Echte mannen weten waarom. Of toch niet?

Zolang we geloven dat gender op te delen valt in binaire opvattingen, reproduceren we genderongelijkheid en voeden we de hoofdoorzaken van seksisme, holebi- en transfobie, vindt Fourat Ben Chikha. Hij trekt drie lessen uit de uitspraken van de staatssecretaris voor Asiel en Migratie.

Zolang we geloven dat gender op te delen valt in binaire opvattingen, reproduceren we genderongelijkheid en voeden we de hoofdoorzaken van seksisme en holebi- en transfobie. Net daarom is de uitspraak van de staatssecretariaat voor Asiel en Migratie zo problematisch. Het is een regelrechte slag in het gezicht van alle slachtoffers van geweld omwille van gender.

Uit het onderzoek Beyond The Box wordt dit nog eens bevestigd: “Telkens opnieuw bleken ideologische overtuigingen zoals het al dan niet wenselijk achten van gelijkheid in de samenleving en het geloof dat geslacht en gender binaire categorieën zijn en biologisch gedetermineerd zijn, seksistische, homofobe en transfobe attitudes te voorspellen.”

Natuurlijk moet iedereen zijn mening kunnen uiten, maar mensen met een gezaghebbende functie zoals staatssecretarissen hebben een enorme verantwoordelijkheid en dienen enige voorzichtigheid aan de dag te leggen als ze deze formuleren. Hun mening heeft namelijk wel degelijk een impact; we zijn het intussen bijvoorbeeld al gewoon dat racisme wordt gerelativeerd.

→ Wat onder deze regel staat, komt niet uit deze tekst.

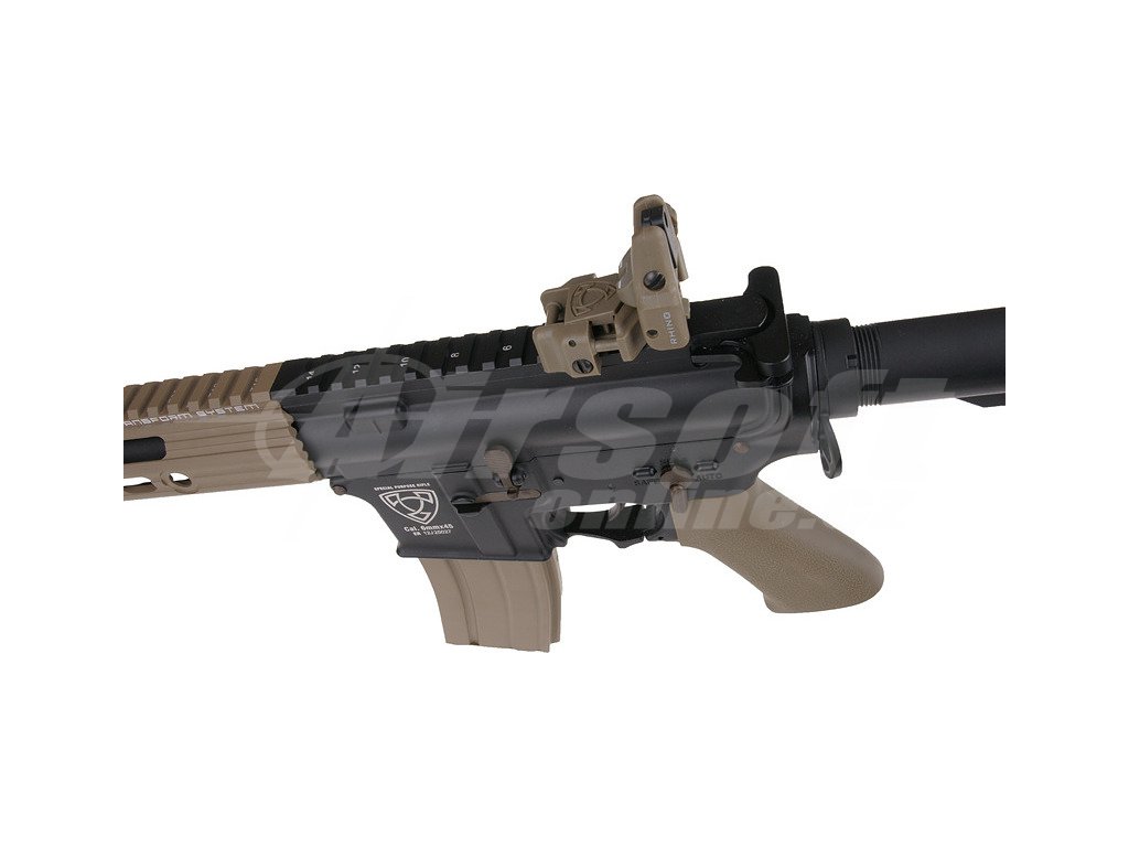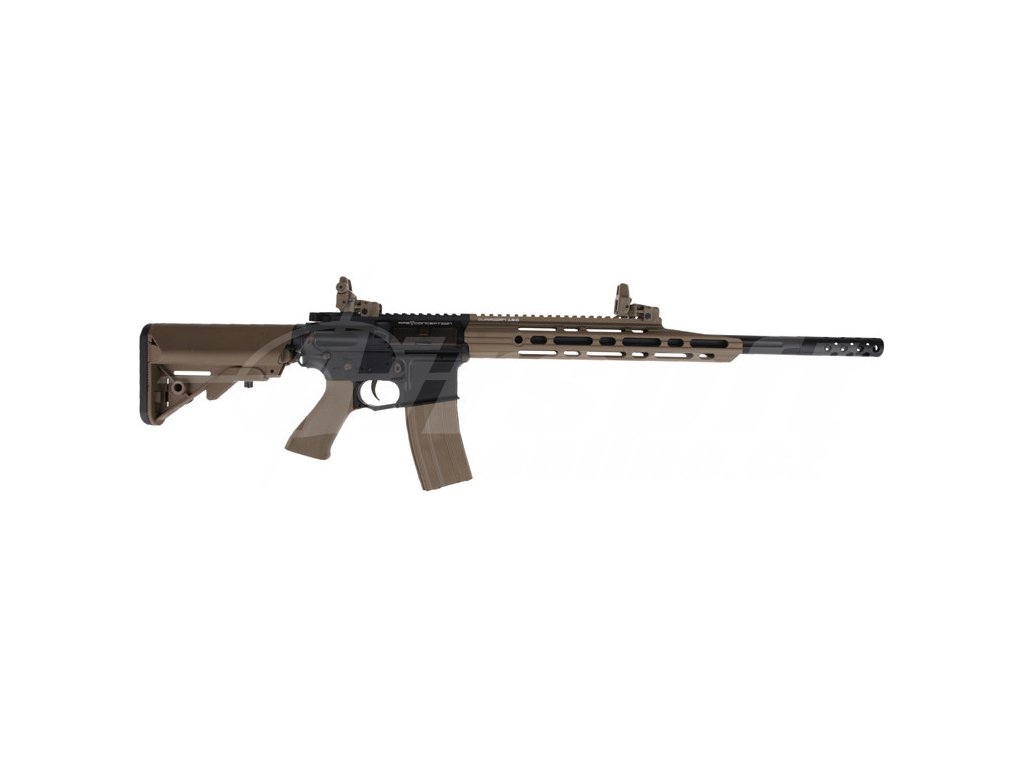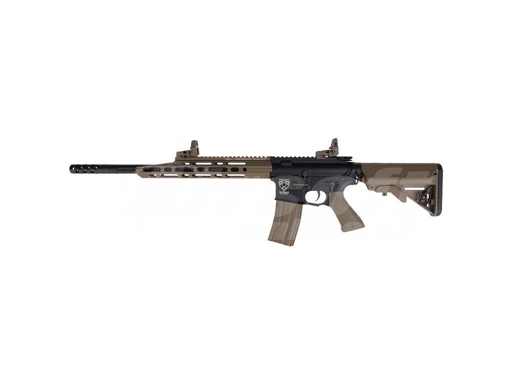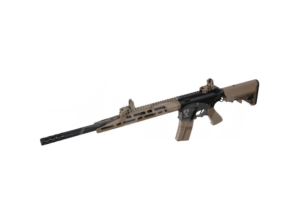 Tělo zbraně je z kvalitního hliníku s detailní rytinou „Special Purpose Rifle“ a doplněné o 13" předpažbí Guardian s kolejnicovým systémem. V kombinaci s 400mm kovovou hlavní a 105mm tlumičem vytváří perfektně vyváženou zbraň vhodnou jak pro přesnou střelbu, tak pro dynamický pohyb v terénu. Výsuvná pažba se 6 polohami s gumovou patkou umožňuje přizpůsobení každému hráči, zatímco plastová pistolová rukojeť zajišťuje pohodlný úchop.
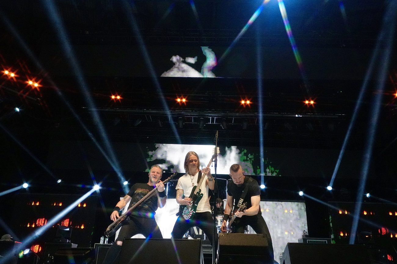 On the 5th of March, the American rock giants, Alter Bridge, brought their heavy set to Nottingham. It wasn’t the first time the band had visited the city, and their performances have been improving over the years. Nottingham was the last city of the “What Lies Within” tour, and all three bands, Sevendust, Daughtry, and Alter Bridge, shared how special the tour was to them and how much they appreciated one another and all the fans. We were very lucky to witness the last day of the tour in its whole glory. Sevendust, who performed first, expressed their heartfelt gratitude to everyone involved with the tour, including the audience. Daughtry, who performed second, gave an emotional performance and thanked the crew of the venue, Motorpoint Arena, including security. Alter Bridge – the night’s headliners – took the show to the next level. The stage design was outstanding. The lights and the background visuals enhanced each song and made the show extra special. All four band members performed as a well-oiled machine. Myles Kennedy, Mark Tremonti, Brian Marshall and Scott Phillips evidently gave it all during their performance in Nottingham. The crowd was singing along, dancing and having a great time throughout the show. Motorpoint Arena hosted Alter Bridge many times before, and we hope it wasn’t the last. We hope to see them again soon. Please check the photos of all three bands – Sevendust, Daughtry and Alter Bridge – performing in Nottingham.
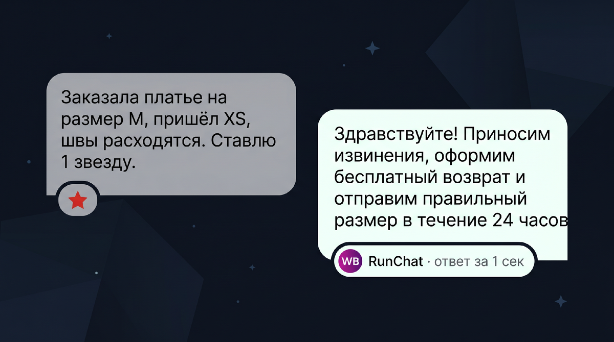 Если же бренд молчит, отвечает одинаково всем подряд или, хуже того, вступает в конфликт — это прямой удар по конверсии. Причём видит это не только автор отзыва, но и вся аудитория карточки.
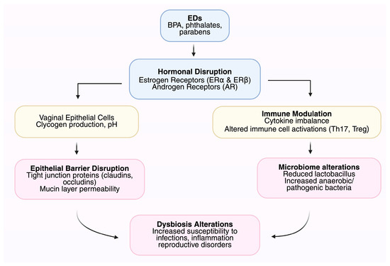 EDs can have immunomodulatory and inflammatory actions that can potentially further upset tissue homeostasis [30]. Through the modulation of cytokine production, immune cell signaling, and mucosal barrier function, EDs could set the stage for susceptibility to infections, chronic inflammation, and loss of tissue regulation—factors that are increasingly recognized as affecting the composition and stability of the genital tract microbiome [31].
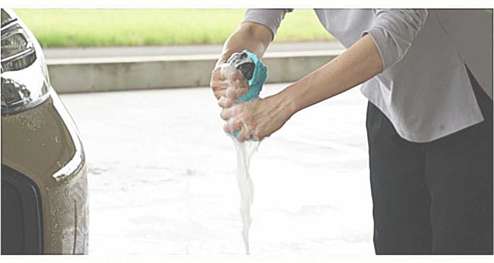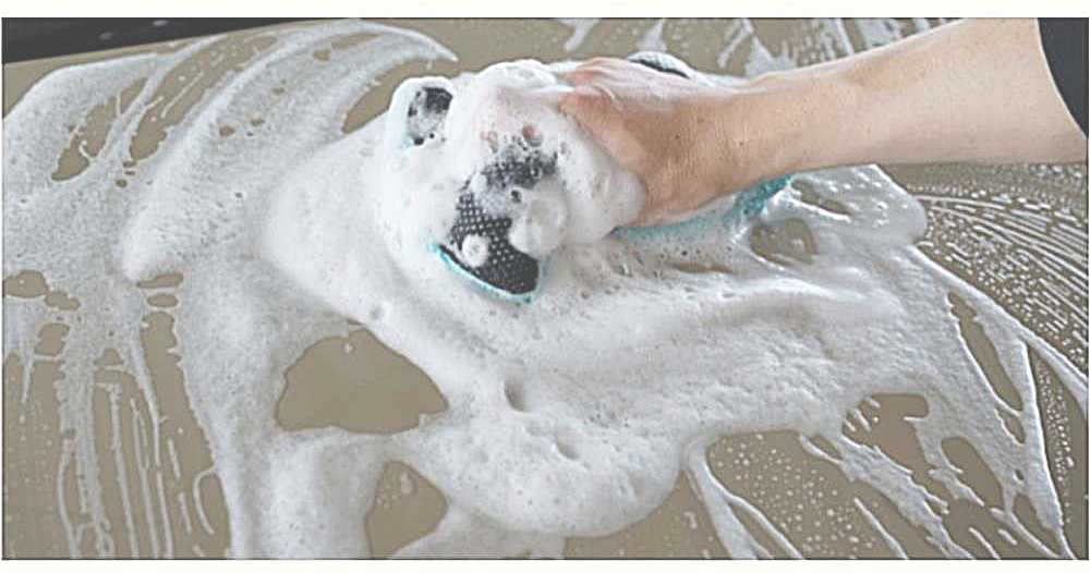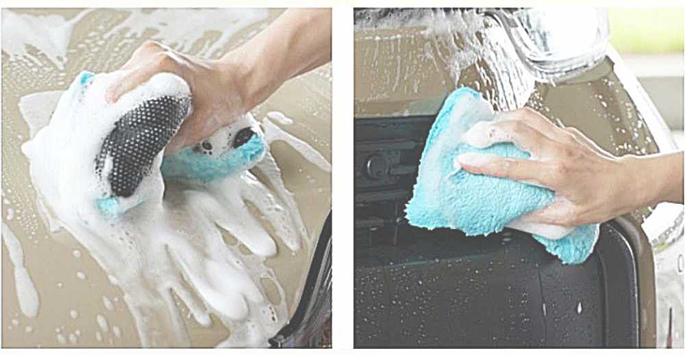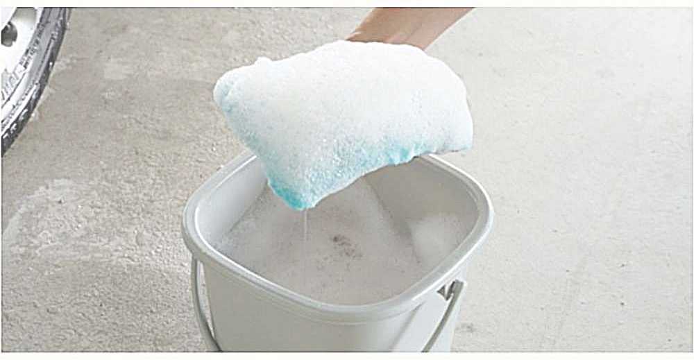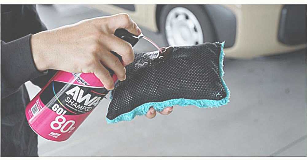 ①本品にカーシャンプーをじゅうぶん含ませてよく泡立てます。

Het is een illusie dat ‘echte mannen’ bestaan. Ons wordt van kindsbeen af aangeleerd om ons conform het ons toegewezen gender te gedragen. Het niet beantwoorden aan deze opgelegde impliciete of expliciete gendernorm maakt mensen ongelukkig en ondermijnt hun psychisch welzijn. Transgenders én non-binaire mensen komen dan als eerste in het vizier van dit enge mensbeeld. De cijfers liegen er niet om: 1 op 3 transpersonen heeft een zelfmoordpoging achter de rug, de helft van deze doelgroep worstelt met zelfmoordgedachten. Deze verontrustende cijfers zouden ons allen moeten motiveren om zorgzamer te zijn voor iedereen die niet past in een heteronormatief kader.

Laten we niet vergeten dat in landen zoals India, Nepal, Afghanistan en Pakistan – landen die het Westen vaak beschouwt als onderontwikkeld – genderfluïditeit sinds mensenheugenis een wezenlijk onderdeel is van het mens zijn. Vaak met vallen en opstaan, maar het bestaat. Het is mede dankzij ons koloniaal verleden dat we de geschiedenis van gender hebben gereduceerd tot een enge opvatting van man en vrouw.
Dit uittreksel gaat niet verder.